Pemenuhan Hak Korban, Daerah Harus Miliki Basis Data Korban Terorisme

Jakarta – Komisi Nasional Anti Kekerasan terhadap Perempuan (Komnas
Perempuan) memandang perlunya daerah memiliki basis data para korban
terorisme untuk memudahkan pemenuhan hak korban dan keluarganya.

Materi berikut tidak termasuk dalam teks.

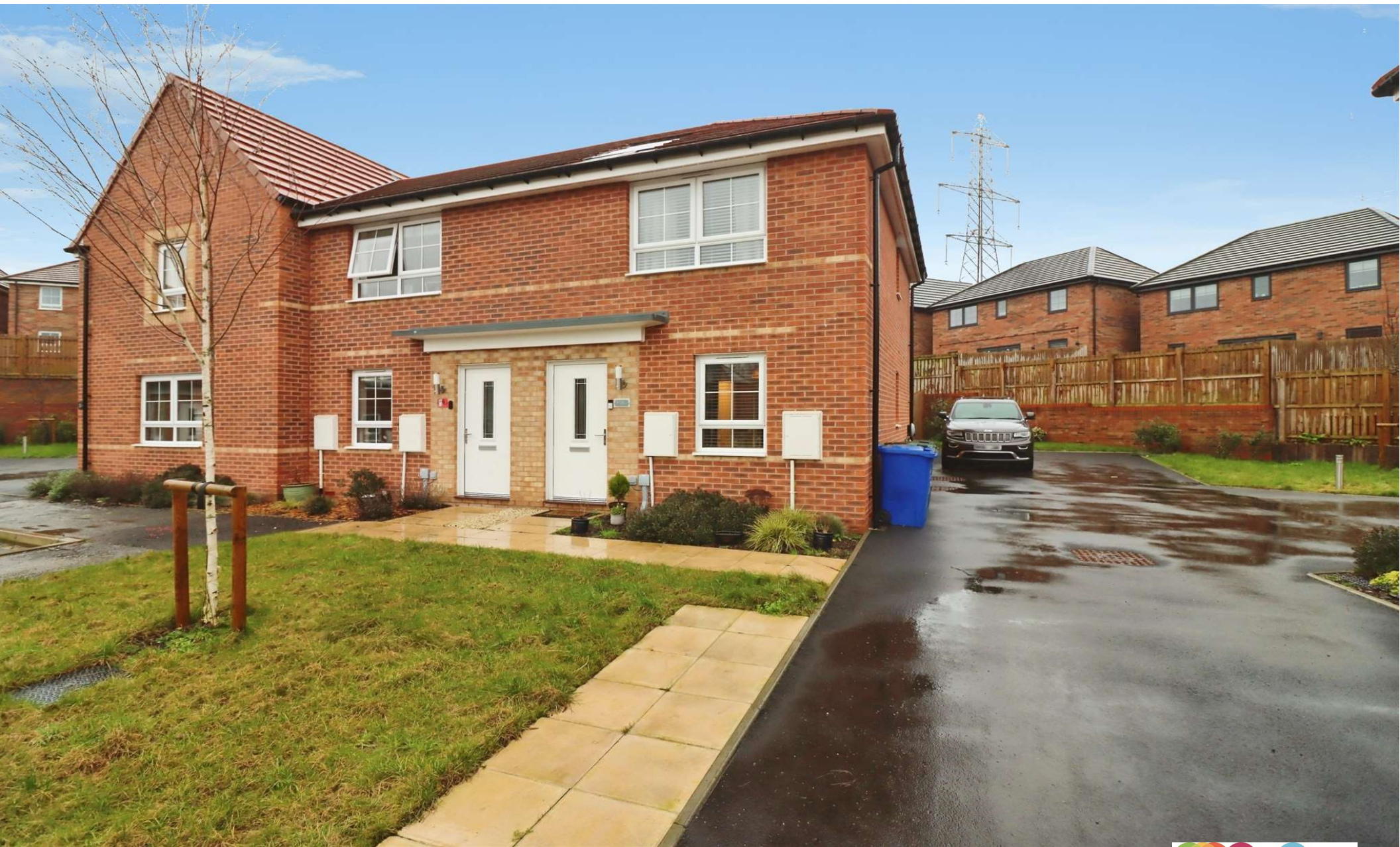
Corgi Crescent, Staveley Chesterfield S43 3GU

“Mengidentifikasi para korban dan penyintas ini perlu database.
Mungkin perlu ada database di setiap daerah. Kalau sudah punya RAD
(Rencana Aksi Daerah), bagus, diikuti database,” kata Wakil Ketua
Komnas Perempuan Olivia Salampessy dalam acara Peluncuran Hasil Kajian
dan Hasil Pemetaan Pengalaman Perempuan Terdampak Terorisme”, di
Jakarta, Selasa (25/6/2024).

Pasalnya Komnas Perempuan menemukan ketidaksinergisan koordinasi
pemerintah pusat dan pemerintah daerah yang berdampak pada akses
layanan terhadap para penyintas mengalami hambatan, karena isu
terorisme dianggap sebagai tanggung jawab pemerintah pusat, sehingga
kondisi korban menjadi terabaikan pada aspek-aspek kehidupan yang
dapat mendukung pemulihan.

Kemudian layanan kedaruratan medis untuk para korban bom bunuh diri
seringkali menghadapi hambatan birokrasi administrasi sehingga
terdapat penundaan pada kedaruratan keselamatan nyawa dan kesehatan
para korban.

Layanan pemulihan fisik yang terbatas yang dihadapi oleh para
penyintas memaksa korban fokus pada kesembuhan luka fisik yang
diderita.

“Mereka berupaya secara mandiri, bahkan dengan biaya sendiri.
Kesulitan akses karena kondisi fisik yang masih lemah, memberikan
beban biaya tambahan untuk perawatan medis lanjutan,” kata Olivia
Salampessy.

Selain itu, layanan pemulihan psikis yang terbatas yang hanya
berjangka pendek menyebabkan rasa trauma dan penderitaan psikis yang
dialami para penyintas dan keluarga belum benar-benar terpulihkan.

Komnas Perempuan melakukan kajian dan pemetaan terhadap korban
terorisme dan keluarganya di Surabaya, Bali, Poso, dan Jakarta untuk
melihat dampak jangka panjang dari tindakan terorisme dan untuk
melihat bagaimana proses pemulihan korban dan rehabilitasi yang
berkelanjutan.

Dari kajian tersebut, Komnas menemukan sejumlah hambatan dalam
penanganan terhadap korban, diantaranya ketidaksiagaan dalam layanan
darurat medis dan psikis pada korban, layanan medis yang parsial dan
tidak berkelanjutan, penanganan keamanan yang berlebihan, penanganan
yang tidak empati dan tidak berdasar kebutuhan korban, penggunaan
kekerasan terhadap korban dengan pemaksaan menandatangani keterangan
oleh polisi, pemulihan terbatas dan tidak berlanjut, dan bantuan dana
dan kompensasi yang tidak diiringi penjelasan serta tidak merata.